The rest of the day proceeded pretty uneventfully from there, but I came back the next day to practice, still riding high off my cool moment from the day before. Who do I see but the father from yesterday (let’s call him Tyler)? He greets me as “that bullseye guy” (to which I blush) and we get to practice.

That day, the store was being managed by a friend of Maggie’s rather than Maggie herself (I think she’d come down with a stomach bug). [We’ll call him] Franky watched us shoot, gave us pointers on form, made jokes – the usual. That was, until he said something about a “Mega Boom.” After a run collecting my arrows, I returned to the line and asked what that was all about.

Rather than answer me in words, his eyes just lit up and he ran around the corner to the back office. About a minute or two later, he returned holding what looked like a bike pump, a small mesh net, a clamp of some kind, and an empty 2-liter soda bottle. I watch as he assembles the whole thing and begins apparently pumping air into the empty plastic bottle.
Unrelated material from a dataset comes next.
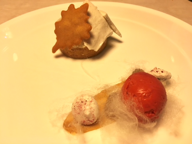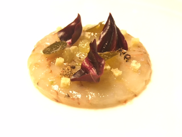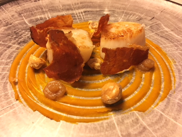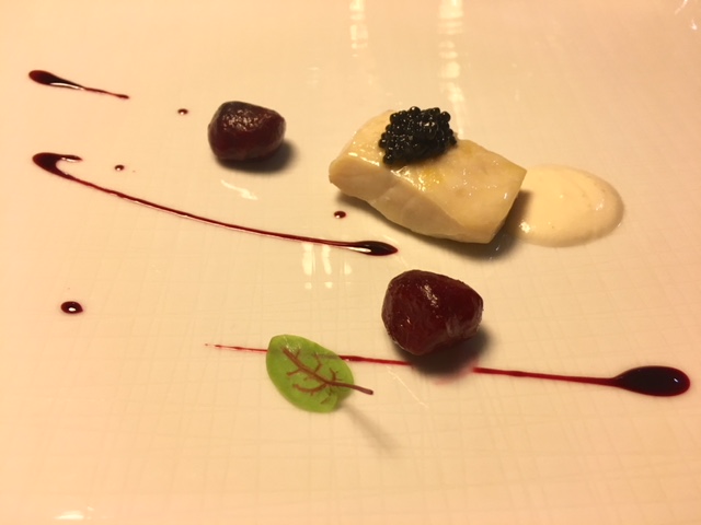 Ecco il menu preparato da Simone Gottardello, che ho assaggiato durante la mia ultima visita in hotel preceduto da due amuse bouche baffa di suino su crosta di pane e speck d’anatra con lamponi e storione e caviale Calvisius con rape rosse; come antipasto crudo di mazzancolle dell’Adriatico con limone, capperi e radicchio di Treviso; noci di capesante arrostite, purea di zucca, nocciole e speck; spaghettoni Matt Monograno Felicetti mantecati al ristretto di gamberi di fiume e caviale Calvisius, piatto da 10 e lode!; a seguire rombo, broccolo fiolaro di Creazzo, aglio nero e zuppetta di garusoli in porchetta. Infine il dessert: Tra una Linzer e un Mont Blanc. Il tutto accompagnato da Fior di Rosa, Bardolino Chiaretto Spumante dell’azienda Guerrieri Rizzardi.

When he’s done, he’s left with a highly pressurized soda bottle fixed to a little stand, and I suddenly see what’s going on: an explosive target.

Now, for context, Maggie’s since moved to a larger location, but the range at that time was relatively small, maybe 15-meters long from target to wall. Thing was, the wall was a warehouse door that opened out into a parking lot. When he sees that we understand what he’s offering us, Franky goes, “Yeah, we might want to head outside for this.” He sets the bottle on top of one of the targets at the end of the range, opens the door, and motions us out into said parking lot. He walks us to approximately 50-meters away (approximately 160-feet, for my imperials) and gives us the green flag.
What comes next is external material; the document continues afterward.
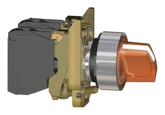 Schneider Electric XB4BK134B5 Schneider Leuchtwahlschalter 1S1Ö rot LED 24VUC 3St. 45° Knebel kurz
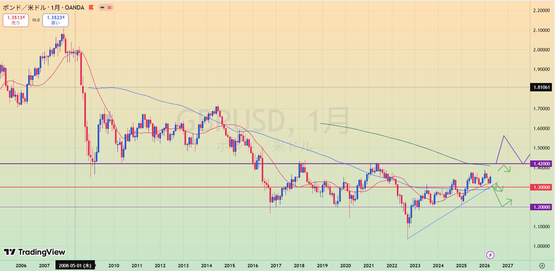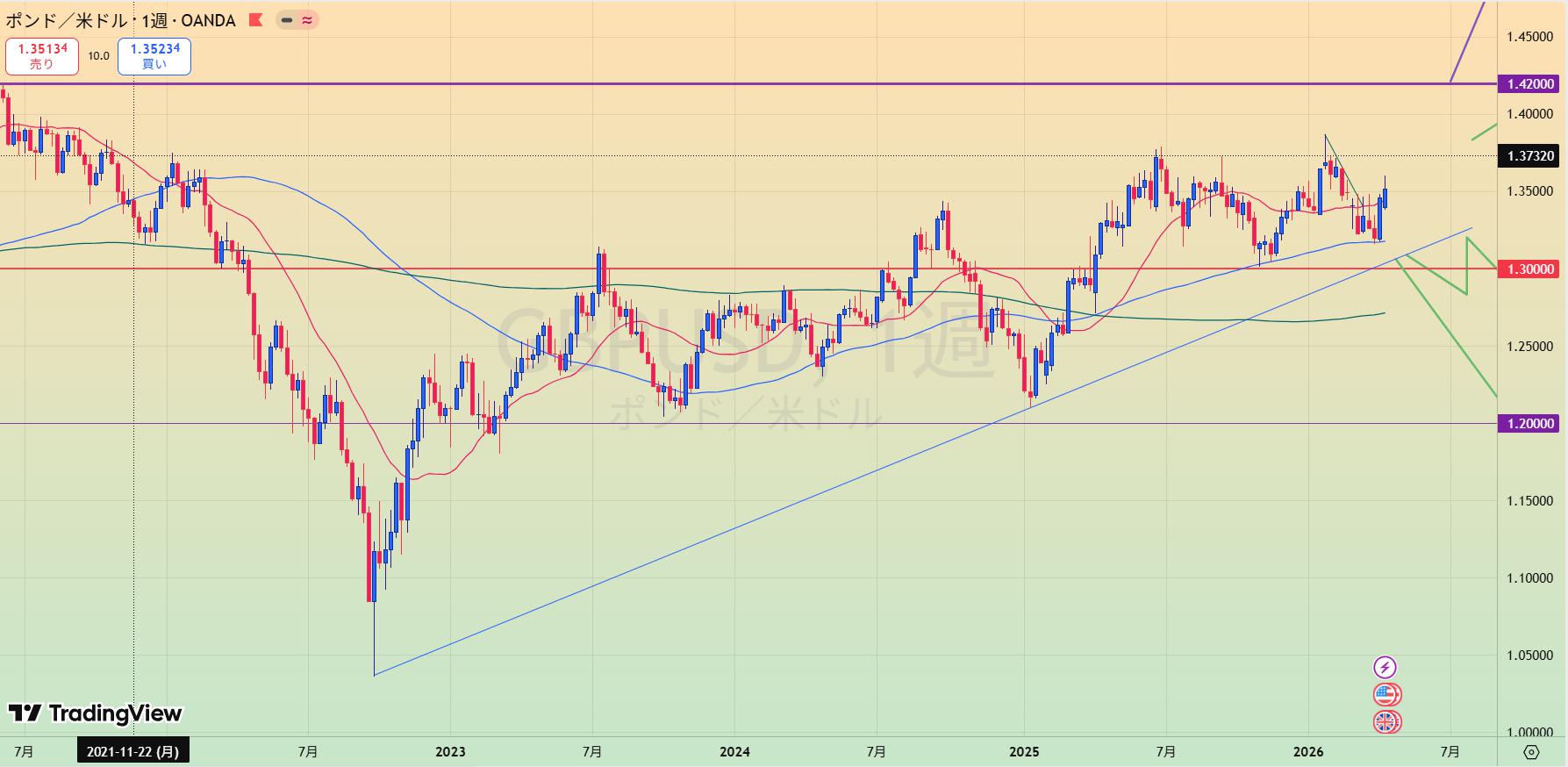 • 1.14下抜けか1.20上レジラインを上抜けてから。

(Which, as a side note, was a bit premature because as we’re looking at each other as to who is going to try to set off this pseudo-domestic explosive first, a couple of nervous, first-time customers were just walking out the front door – next to the door INTO WHICH WE’RE ABOUT TO FIRE. They freaked out and left before anything happened though…so…all’s well that ends well.)

Anyway, Tyler looks at me and says, “You’re the likeliest to hit it, so you go first.”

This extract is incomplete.